§ Activity:
Lines from the line with "We arrived in" to the line with "2002会計年度(2001年" in the entries below, and only those, must be output exactly, with both ends included.

§ Material to process:
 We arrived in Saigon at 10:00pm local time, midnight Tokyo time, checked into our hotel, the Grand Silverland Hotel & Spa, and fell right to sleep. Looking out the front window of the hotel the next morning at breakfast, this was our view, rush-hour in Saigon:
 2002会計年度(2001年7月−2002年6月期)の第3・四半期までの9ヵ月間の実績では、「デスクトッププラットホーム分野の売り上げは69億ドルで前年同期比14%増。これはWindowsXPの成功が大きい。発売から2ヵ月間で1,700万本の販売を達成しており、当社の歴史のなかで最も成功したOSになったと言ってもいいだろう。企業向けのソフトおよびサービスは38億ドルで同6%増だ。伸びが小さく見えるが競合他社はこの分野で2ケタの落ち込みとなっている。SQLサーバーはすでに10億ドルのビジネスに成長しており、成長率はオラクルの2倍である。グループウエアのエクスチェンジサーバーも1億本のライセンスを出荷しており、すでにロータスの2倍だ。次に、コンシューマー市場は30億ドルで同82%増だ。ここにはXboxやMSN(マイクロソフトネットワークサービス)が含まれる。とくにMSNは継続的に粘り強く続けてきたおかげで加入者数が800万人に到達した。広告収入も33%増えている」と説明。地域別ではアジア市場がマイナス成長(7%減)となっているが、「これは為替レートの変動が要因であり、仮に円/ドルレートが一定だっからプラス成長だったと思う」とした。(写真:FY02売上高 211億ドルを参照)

==

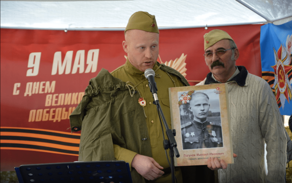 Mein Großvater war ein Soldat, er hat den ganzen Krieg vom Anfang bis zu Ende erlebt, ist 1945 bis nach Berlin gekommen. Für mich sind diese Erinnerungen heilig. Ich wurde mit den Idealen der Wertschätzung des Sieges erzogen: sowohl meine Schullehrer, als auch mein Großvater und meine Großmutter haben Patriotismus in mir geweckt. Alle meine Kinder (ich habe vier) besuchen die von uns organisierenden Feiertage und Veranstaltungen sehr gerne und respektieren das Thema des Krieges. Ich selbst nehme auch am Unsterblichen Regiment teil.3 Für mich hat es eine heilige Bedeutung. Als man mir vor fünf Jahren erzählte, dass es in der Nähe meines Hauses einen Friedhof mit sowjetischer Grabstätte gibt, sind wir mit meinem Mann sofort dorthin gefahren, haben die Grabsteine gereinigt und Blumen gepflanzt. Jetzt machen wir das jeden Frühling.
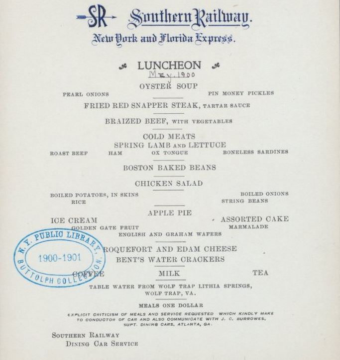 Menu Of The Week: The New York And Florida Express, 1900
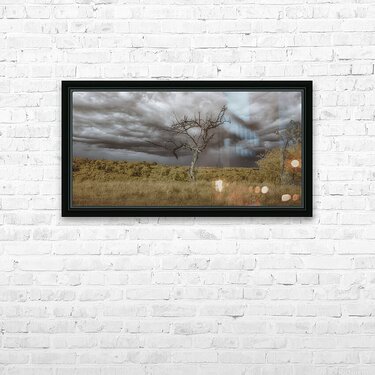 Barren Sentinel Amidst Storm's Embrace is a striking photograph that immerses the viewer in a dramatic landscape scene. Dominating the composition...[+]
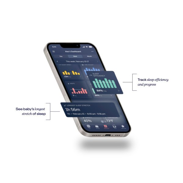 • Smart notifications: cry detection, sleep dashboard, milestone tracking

§ Output:
 We arrived in Saigon at 10:00pm local time, midnight Tokyo time, checked into our hotel, the Grand Silverland Hotel & Spa, and fell right to sleep. Looking out the front window of the hotel the next morning at breakfast, this was our view, rush-hour in Saigon:
 2002会計年度(2001年7月−2002年6月期)の第3・四半期までの9ヵ月間の実績では、「デスクトッププラットホーム分野の売り上げは69億ドルで前年同期比14%増。これはWindowsXPの成功が大きい。発売から2ヵ月間で1,700万本の販売を達成しており、当社の歴史のなかで最も成功したOSになったと言ってもいいだろう。企業向けのソフトおよびサービスは38億ドルで同6%増だ。伸びが小さく見えるが競合他社はこの分野で2ケタの落ち込みとなっている。SQLサーバーはすでに10億ドルのビジネスに成長しており、成長率はオラクルの2倍である。グループウエアのエクスチェンジサーバーも1億本のライセンスを出荷しており、すでにロータスの2倍だ。次に、コンシューマー市場は30億ドルで同82%増だ。ここにはXboxやMSN(マイクロソフトネットワークサービス)が含まれる。とくにMSNは継続的に粘り強く続けてきたおかげで加入者数が800万人に到達した。広告収入も33%増えている」と説明。地域別ではアジア市場がマイナス成長(7%減)となっているが、「これは為替レートの変動が要因であり、仮に円/ドルレートが一定だっからプラス成長だったと思う」とした。(写真:FY02売上高 211億ドルを参照)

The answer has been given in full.